To mitigate the effects of discrimination on candidates from underrepresented groups, various fairness mechanisms1 are adopted in many domains, either by law or through softer guidelines. For instance, the Rooney rule [4] requires that, when hiring for a given position, at least one candidate from the underrepresented group be interviewed. The Rooney rule was initially introduced for hiring American football coaches, but it is increasingly being adopted by many other businesses in particular for hiring top executives [5], [6]. Another widely used fairness mechanism is the so-called 45-rule [7], which requires that the selection rate for the underrepresented group be at least 80% of that for the overrepresented group (otherwise one says that there is adverse impact). This rule is part of the “Uniform Guidelines On Employee Selection Procedures”.2 A stricter version of the 45-rule is the so-called demographic parity constraint, which requires the selection rates for all groups to be equal. An overview of these and other fairness mechanisms can be found in [7].

Fairness mechanisms, however, have been the subject of frequent debates. On the one hand, they are believed to promote the inclusion of deserving candidates from underrepresented groups who would have otherwise been excluded in particular due to implicit bias. On the other hand, they are viewed as requiring consideration of candidates from underrepresented groups at the expense of candidates from overrepresented groups, which may potentially decrease the overall utility of the selection process, i.e., the overall quality of selected candidates.

Formal analysis of fairness mechanisms in the presence of implicit bias  Perhaps surprisingly, the mathematical analysis of the effect of fairness mechanisms on utility in the context of selection problems was initiated only recently by Kleinberg and Raghavan [8] (see also an extension to ranking problems in [9]). The authors of [8] assume that each candidate i has a true latent quality Wi that comes from a group-independent distribution. They model implicit bias by assuming that the decision maker sees an estimate of the quality Wˆi=Wi for candidates from the well-represented group and Wˆi=Wi/β for candidates from the underrepresented group, where β>1 measures the amount of implicit bias. The factor β is unknown (as it is implicit bias) and the decision maker selects candidates by ranking them according to Wˆi. Then Kleinberg and Raghavan [8] show that, under a well-defined condition (that roughly qualifies scenarios where the bias is large), the Rooney rule improves in expectation the utility of the selection (measured as the sum of true qualities of candidates selected for interview). This result contradicts conventional wisdom that fairness considerations in a selection process are at odds with the utility of the selection process. Rather, it formalizes the intuition that, in the presence of strong implicit bias (which makes it hard to compare candidates across groups), considering the best candidates across a diverse set of groups not only improves fairness but it also has a positive effect on utility.

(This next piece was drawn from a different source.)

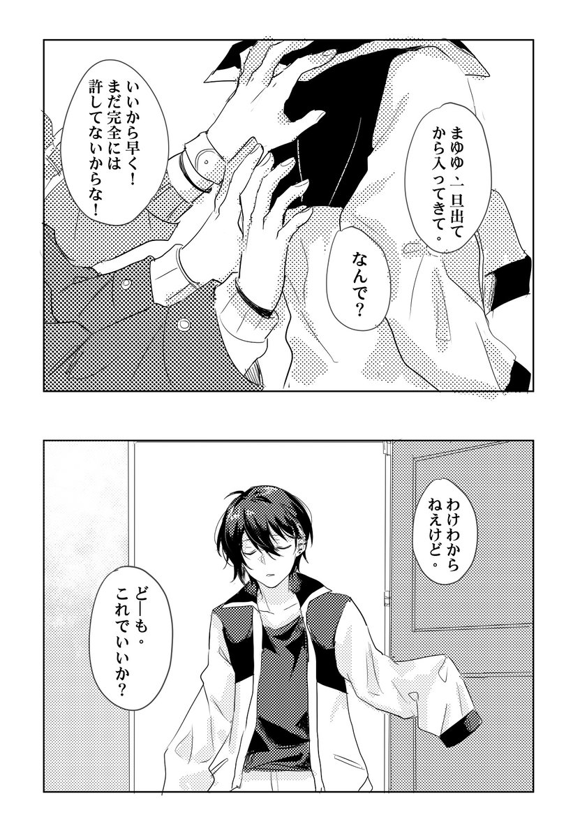 #絵スコート #さ絵ぐさ #灰画 「お帰り」 「ただいま」(2/2)

The phenomenon of differential variance and its role in discrimination  In this paper, we identify and analyze a fundamentally different source of discrimination in selection problems than implicit bias. Even in the absence of implicit bias in a decision maker's estimate of candidates' quality, the estimates may differ between the different groups in their variance—that is, the decision maker's ability to precisely estimate a candidate's quality may depend on the candidate's group. There are at least two main reasons for group-dependent variances in practice. The first arises from candidates: different groups of candidates may exhibit different variability when their quality is estimated through a given test. For instance, students of different genders have been observed to show different variability on certain test scores [10], [11].3 The second arises from the decision makers: decision makers might have different levels of experience (or different amounts of data in case of algorithmic decision making) judging candidates from different groups and consequently, their ability to precisely assess the quality of candidates belonging to different groups might be different. For instance, when hiring top executives, one may have less experience in evaluating the performance of female candidates because there have been fewer women in those positions in the past (in France for instance, there was only one woman CEO amongst the top-40 companies in 2016-2020 [12]). The quality estimate's variance might also change from one decision maker to another. For example, in college admissions, recruiters might be able to judge candidates from schools in their own country more accurately than those from international schools.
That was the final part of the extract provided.